EXERCISE MATERIALS section start
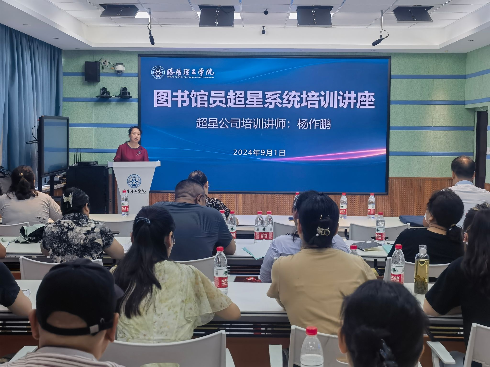 9月1日,图书馆在公共教学楼506智慧教室举办馆员职业素养技能培训专题讲座——超星系统图书服务平台培训,全体馆员及行政人员全部参加,图书馆副馆长褚艳红主持讲座。
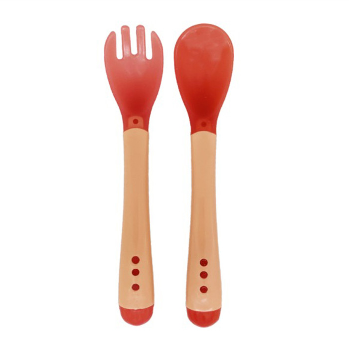 Для того щоб ваша дитина могла вчитися самостійно їсти, радимо придбати такий Набір Ложка+вилка з індикатором температури. Яскравий дизайн і зручна силіконова рукоятка допоможуть зробити процес годування не тільки веселим, а й безпечним.
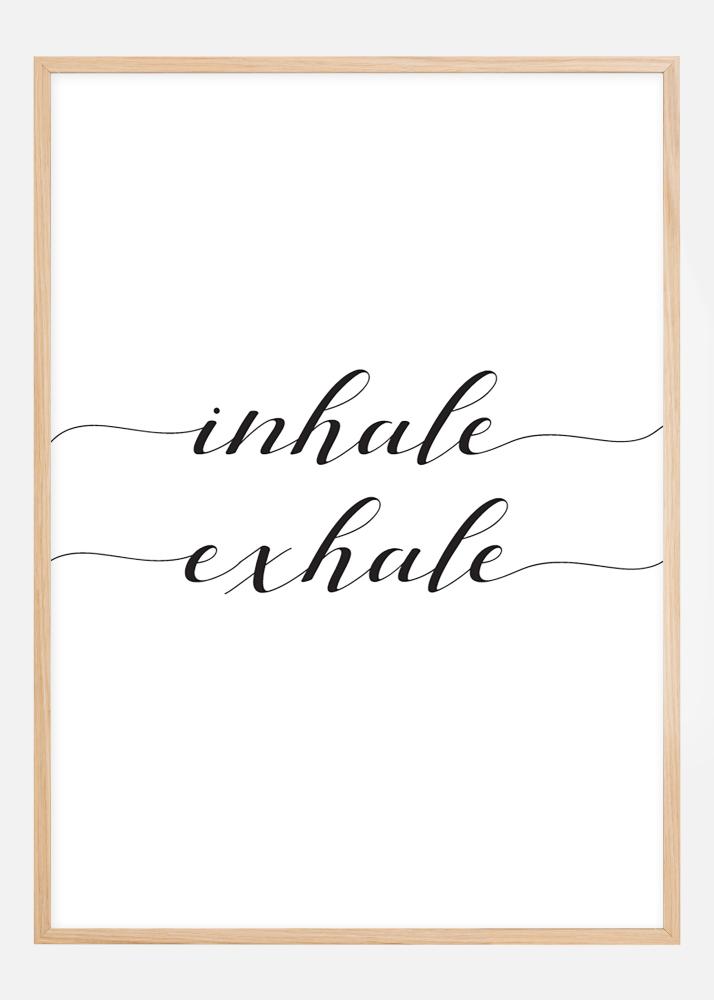 A motivational print with a simple message. Inhale-exhale. A positive message to transmit calmness and patience. Written in an elegant writing style, the black words are set on a white background. The perfect print to convey a positive message and stay calm whatever happens.
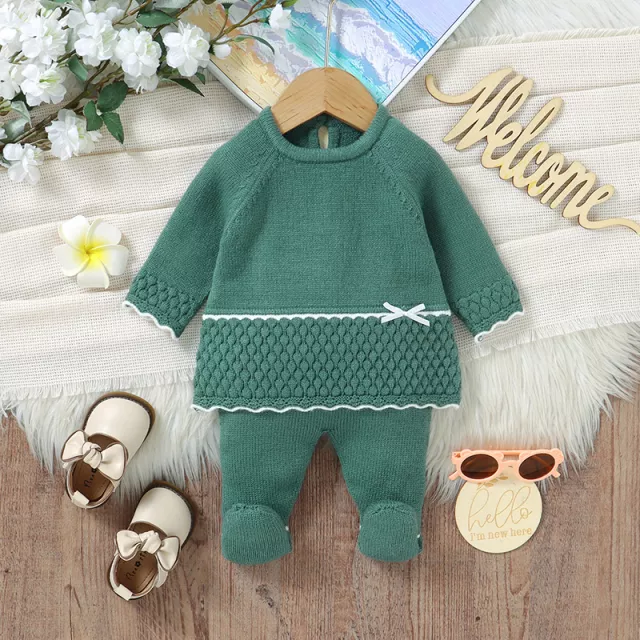 This outfit is ideal for cooler days in spring, fall, and winter, keeping your baby snug whether you’re enjoying a stroll, taking photos, or relaxing at home. The pullover style and stretchy worsted-knit fabric make dressing quick and fuss-free, while the foot-wrapping trousers help keep tiny toes warm without the need for extra socks.
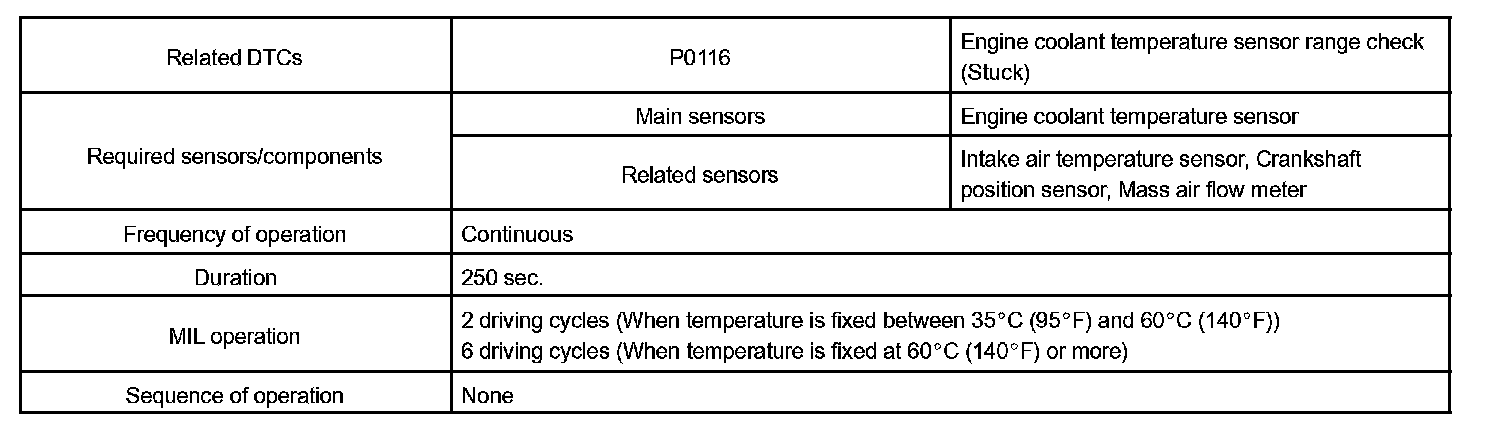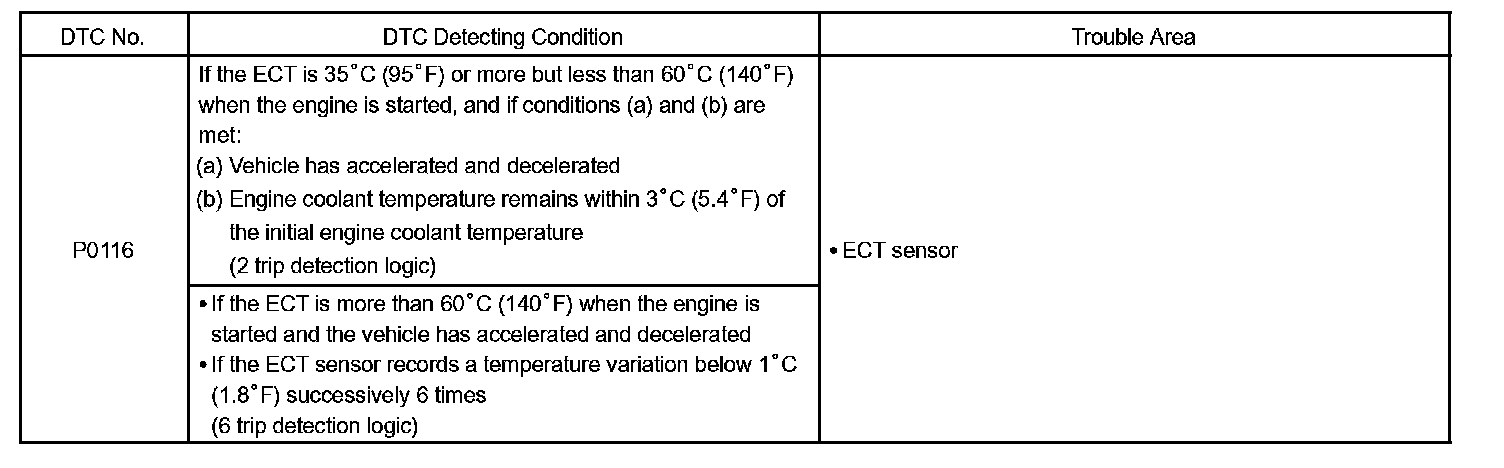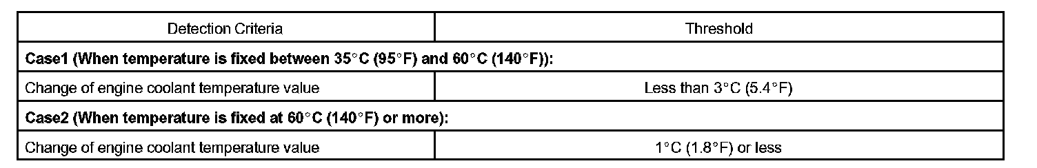 1. Upon starting the engine, the ECT is between 35 °C (95 °F) and 60 °C (140 °F). If after driving for 250 sec., the ECT still remains within 3 °C (5.4 °F) of the starting temperature, a DTC will be set (2 trip detection logic).
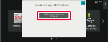[UBS Bellekten yazdırılacak dosya seç] öğesine dokunduğunuzda, USB bellek aygıtını makineye bağlayın.
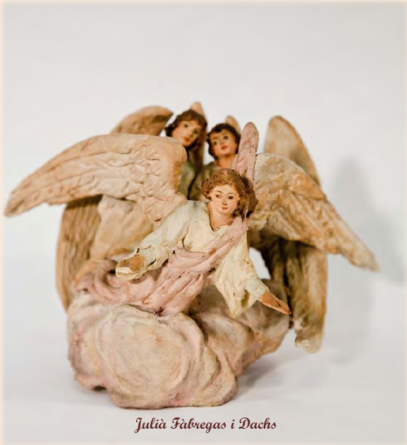 El dato es importante, pues también en la exposición que se hizo este año  en el Museo Etnológico de Barcelona: Figuras de Belén. Grandes Maestros Catalanes, de la que ya se habló en este foro http://foro.belenismo.net/forums/thread-view.asp?tid=1205&posts=217#M252738   http://foro.belenismo.net/forums/thread-view.asp?tid=18551   http://foro.belenismo.net/forums/thread-view.asp?tid=18773&mid=270693  aparecen unos ángeles atribuidos a este artista, policromados
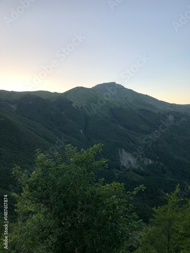 © Вова Посикера, Naklejka premium Panorami nontagnia alberi cascata natura
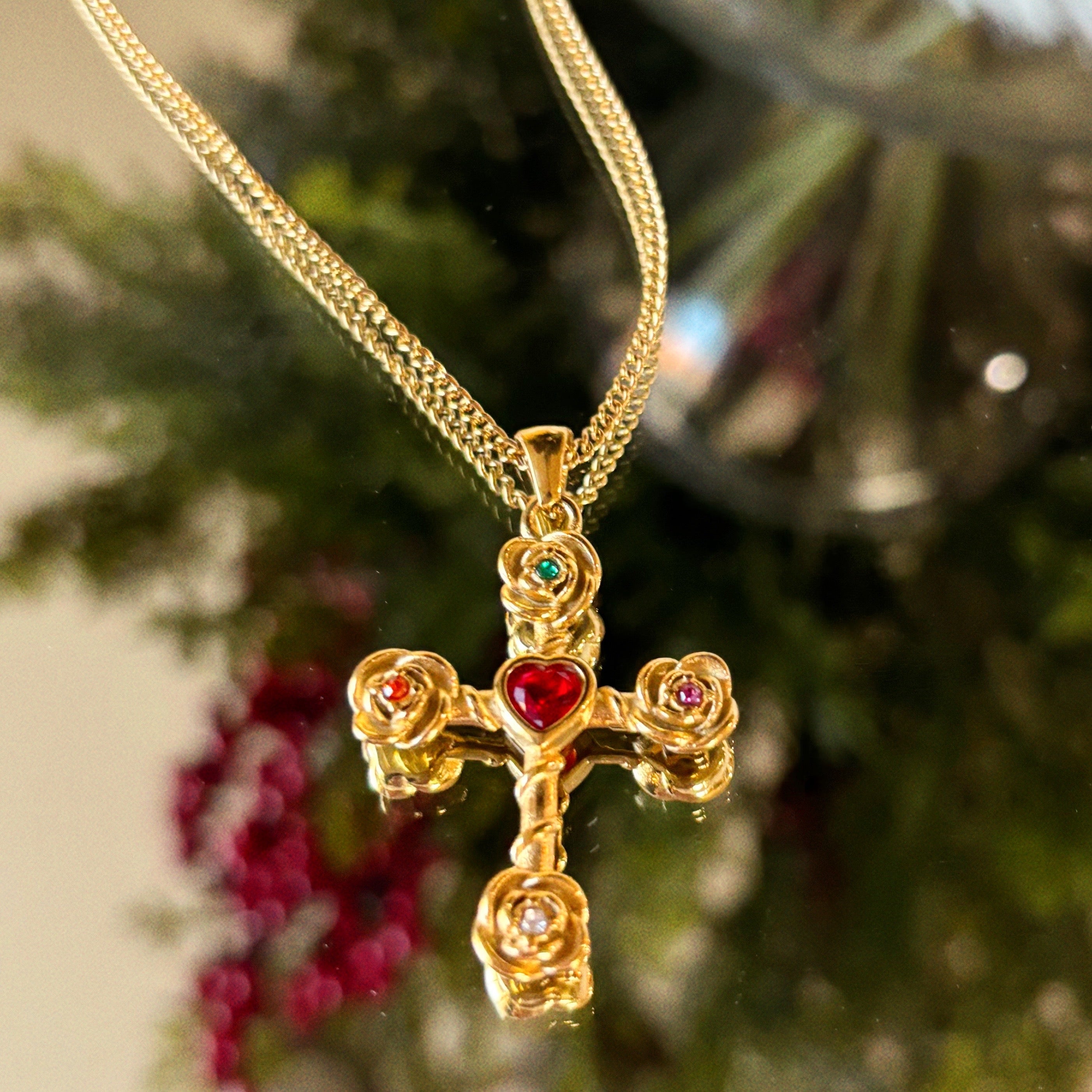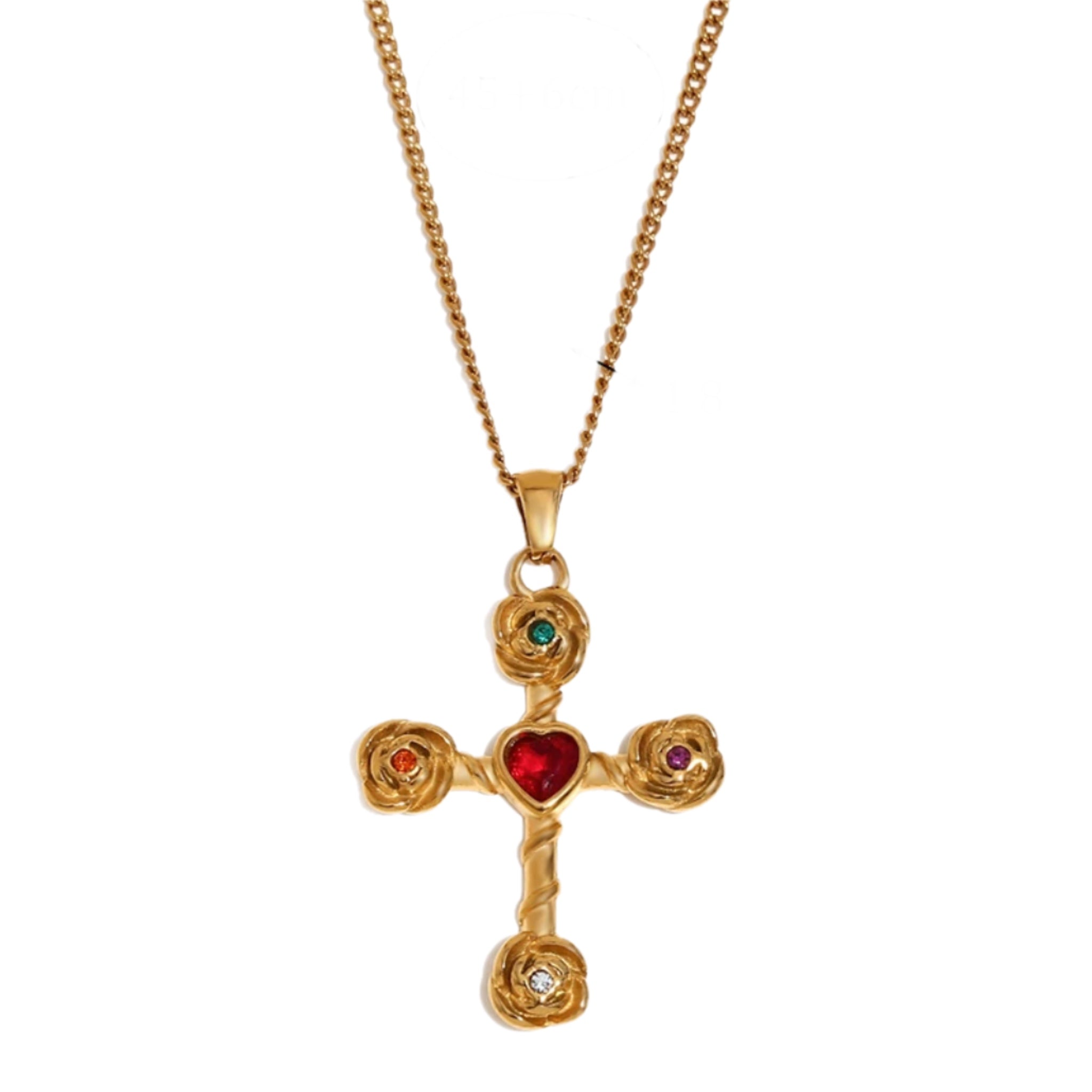 This striking cross pendant showcases an intricate floral and heart motif adorned with vibrant gemstones in a rich spectrum of hues. The oversized design makes a bold statement while the multicolored stone work adds depth and visual interest to this unique piece.
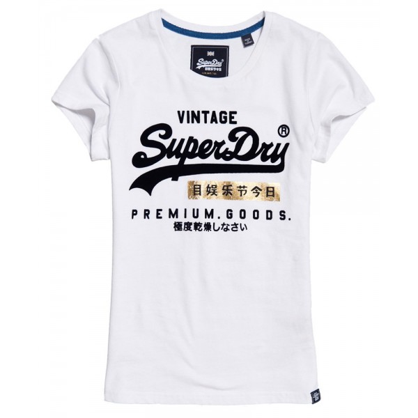 Superdry women’s Premium Goods Sport t-shirt. This soft-touch t-shirt features a flock version of the classic Vintage Superdry logo print across the chest and is finished with a logo tab on the hem
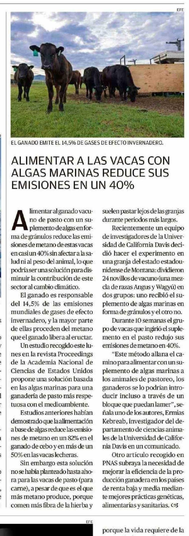 | Título: | ALIMENTAR A LAS VACAS CON ALGAS MARINAS REDUCE SUS EMISIONES EN UN 40% |
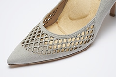 流麗なプロポーションと精巧なカットワークによるメッシュデザインで優雅な足元を演出するパンプス。
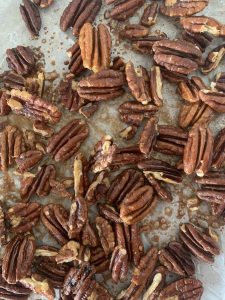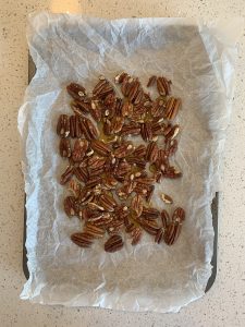 • On a baking tray, coat your pecans in maple syrup, and get these in the oven for 10 minutes, turning halfway through. Once roasted, take them out of the oven and put the tray to the side to cool.
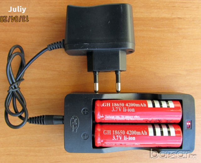 Прожектора е окомплектован с по-новия модел зарядно, което е показано на снимките. Зарядното е по-нов модел и е по-надеждно и функционално.
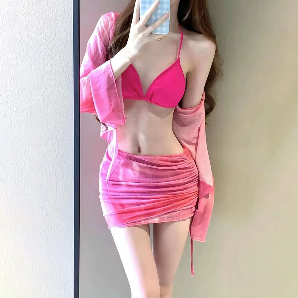 새로운 비키니 4 피스 세트 핫걸 프린트 투피스 수영복 여성용 작은 가슴 긴 소매 섹시한 해변 휴가 수영복스토어 가기
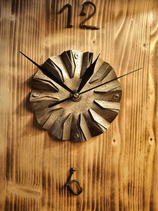 Design Rustique : Les chiffres sont faits de clous rouillés tordus pour un aspect rustique.
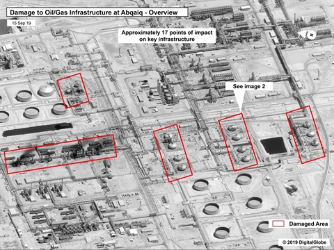 Cả Washington lẫn Arab Saudi cho rằng vụ tấn công trên đã huy động tới đến 20 máy bay không người lái và 10 tên lửa hành trình, khẳng định rằng độ chính xác và quy mô đòn đánh vượt xa khả năng của Houthi.
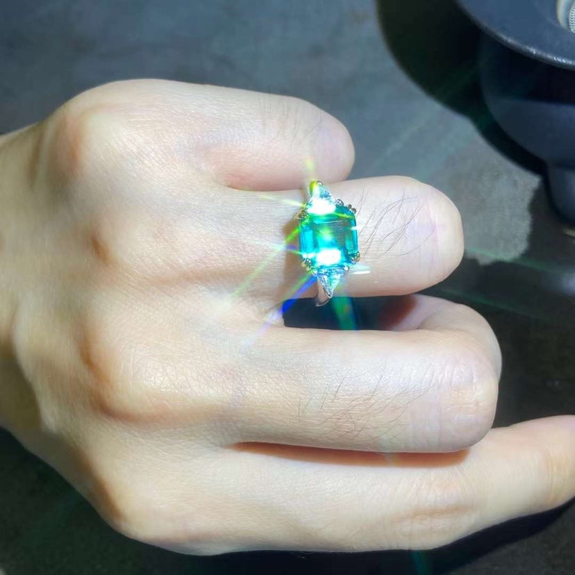 Micro-inlaid Gang Drill Aquamarine Women's Ring
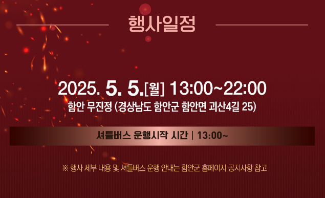 따뜻한 봄바람과 함께 밤하늘을 수놓는 장엄한 불꽃, 전통의 아름다움을 간직한 함안 낙화놀이가 올해도 여러분을 기다립니다. 경상남도 함안에서 매년 4월 초파일이면 펼쳐지는 이 전통 축제는 지역의 안녕과 풍년을 기원하는 뜻깊은 민속놀이입니다. 화려한 불꽃이 떨어지듯 흐르는 모습은 하늘이 내리는 꽃비와 같습니다. 과연 이 축제는 어떤 이야기를 담고 있을까요? 단 하루만 진행하는 축제이기 때문에 예약경쟁이 치열합니다. 바로 예약하실 분은 아래 안내를 확인하세요.
EXERCISE MATERIALS section end
EXERCISE BRIEF: Every line from the one with "This outfit is" through the one with "[UBS Bellekten yazdırılacak" is to be reproduced exactly as written above, and the pictures are to be dropped.

SOLUTION TO THIS EXERCISE:
 This outfit is ideal for cooler days in spring, fall, and winter, keeping your baby snug whether you’re enjoying a stroll, taking photos, or relaxing at home. The pullover style and stretchy worsted-knit fabric make dressing quick and fuss-free, while the foot-wrapping trousers help keep tiny toes warm without the need for extra socks.
 1. Upon starting the engine, the ECT is between 35 °C (95 °F) and 60 °C (140 °F). If after driving for 250 sec., the ECT still remains within 3 °C (5.4 °F) of the starting temperature, a DTC will be set (2 trip detection logic).
[UBS Bellekten yazdırılacak dosya seç] öğesine dokunduğunuzda, USB bellek aygıtını makineye bağlayın.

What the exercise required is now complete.